In October 2011, the Department of Defense issued a report that "provides compelling evidence that climate change impacts are observable, measureable, real and having both near and long-term consequences. . . ." The report stated that the Defense Department recognizes that "climate change has the potential for significant impacts on all three of the basic elements important to national and international security - defense, diplomacy, and economics."

We know climate change is a real threat, and we must act now. Although much more needs to be done, we have begun to address the problem. For example, President Obama and my own State of California are continuing to move forward with specific measures that are already reducing harmful pollution.

California has an initiative to install one million solar roofs, and this source of renewable energy will help meet the state's electricity needs.

California is also taking important steps to reduce pollution that contributes to climate change. In October 2011, California's Air Resources Board moved forward with a landmark program to reduce greenhouse gas emissions.

A few well-funded special interests sought to overturn this initiative, but over 60 % of California voters rejected these efforts after scientists, doctors, and health experts made clear that we couldn't afford to turn our backs on this dangerous threat.

The Obama administration is cutting greenhouse gases by requiring car companies to increase the fuel economy for cars and trucks. These new standards will help to reduce over 6 billion metric tons of emissions while saving consumers $1.7 trillion dollars.

They have also stepped up with policies designed to move toward clean energy and energy efficiency.

As Chairman of the Senate Environment and Public Works Committee, I reaffirm my commitment to work as hard as I can to reduce the dangerous air pollution that causes climate change and harms the health and safety of people around the world.

I was pleased to address a group of religious leaders who met last week in Washington to point out the morality of addressing the climate cause.

Yesterday, I joined 15 of my colleagues in the Senate on a letter to Secretary of State Clinton supporting a strong and ambitious outcome from the summit in Durban.

So good things are happening, but not enough good things.

The nations of the world must work together to solve this problem, and I call on those gathered in Durban to work toward an international effort to reduce greenhouse gas emissions with transparency and accountability.

I also hope delegates will make significant progress on generating additional public and private sources of climate financing that will support efforts to reduce emissions.
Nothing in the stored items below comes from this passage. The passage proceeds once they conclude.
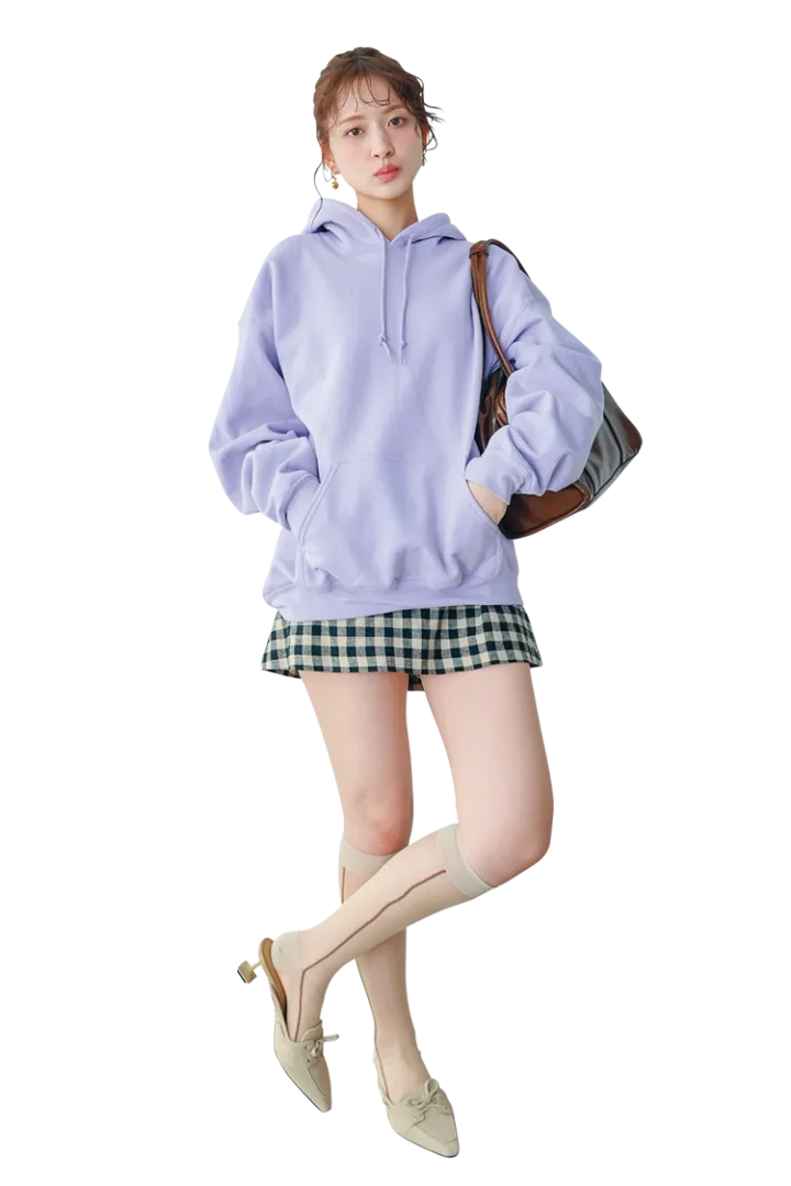 スエットパーカは、単品使いだとメンズっぽくなりすぎちゃうのが難点。だから、ギンガムチェックととんがりミュールで女みをプラスして、ぷりかわコーデに変身させちゃお♡
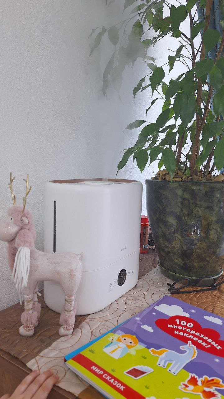 Преимуществ у увлажнителя вижу несколько: удобный отсек сверху для воды — его можно снять, налить воды и поставить на место; несколько режимов регулировки воздуха (детский самый мощный); есть звуковой индикатор, когда вода в отсеке заканчивается — не переживайте, он не орет, а слегка пискнет на 1 секунду. Знаю, что есть где-то отсек для ароматических масел, но я еще ни разу не использовала.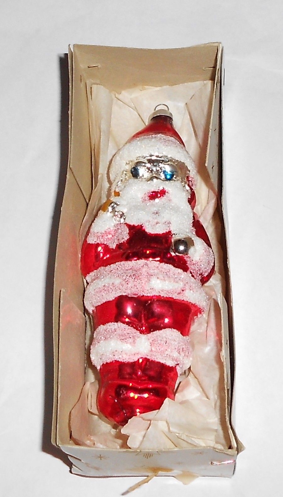 Title (ebay affiliate link): VTG SANTA CLAUSE CHRISTMAS TREE ORNAMENT~MERCURY GLASS~MICA TRIM w/ BOX (no lid)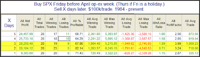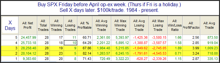 April expirations week has historically been very bullish. I showed this last year in the 4/11/11 blog post and have updated it below.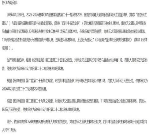 時隔1天后,北京時間2月1日,CBA聯(lián)賽針對這次沖突,開出了本賽季至今為止最大的一張罰單,CBA公司以“馬鑫鑫與左朕年發(fā)生口角并引發(fā)雙方肢體沖突,在臨場裁判員鳴哨后,助教陳嘉凱、趙柏清未經(jīng)裁判員允許擅自離開球隊席,違規(guī)進入比賽場地”為由,分別對左朕年、馬鑫鑫、趙柏清以及同曦助教陳嘉凱處以重磅處罰。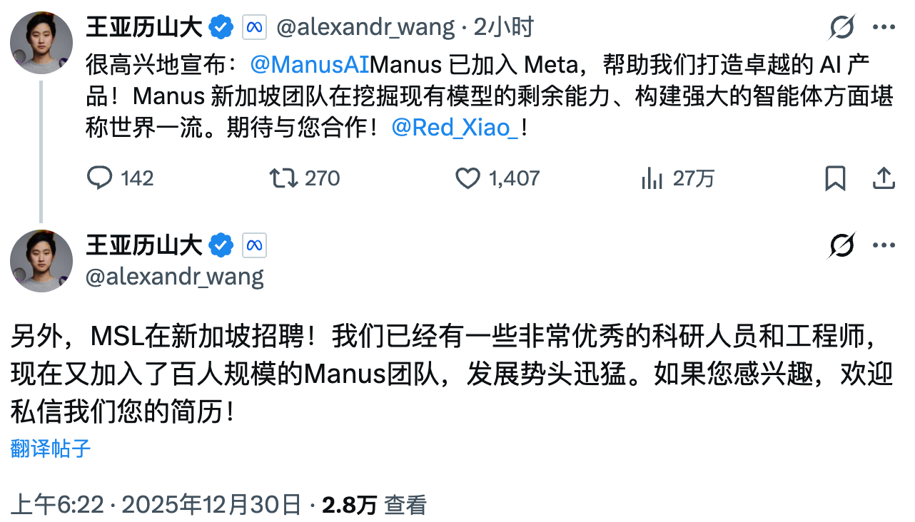 Meta 和 Manus 今日官宣:Manus 正式加入 Meta。
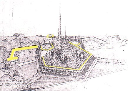 oltre questo la struttura pensata da Wright mi interessa per l'utilizzo di una grande corte irregolare aperte e l'alternativa dell' esagono al quadrato quale griglia per le grandi dimensioni.

I want to conclude by saying that the evidence is clear and overwhelming that climate change is a significant threat to our planet. The time for talk alone has passed, and the need for action is now.

It is our moral obligation and legislative responsibility to address this enormous global challenge. I pledge to do everything I can to stand up to climate change deniers, to shine a light on the truth, and to build support for taking common-sense steps to address this critical global problem.

I wish you the best in Durban as you enter the final days of negotiation and stand ready to help in any way possible.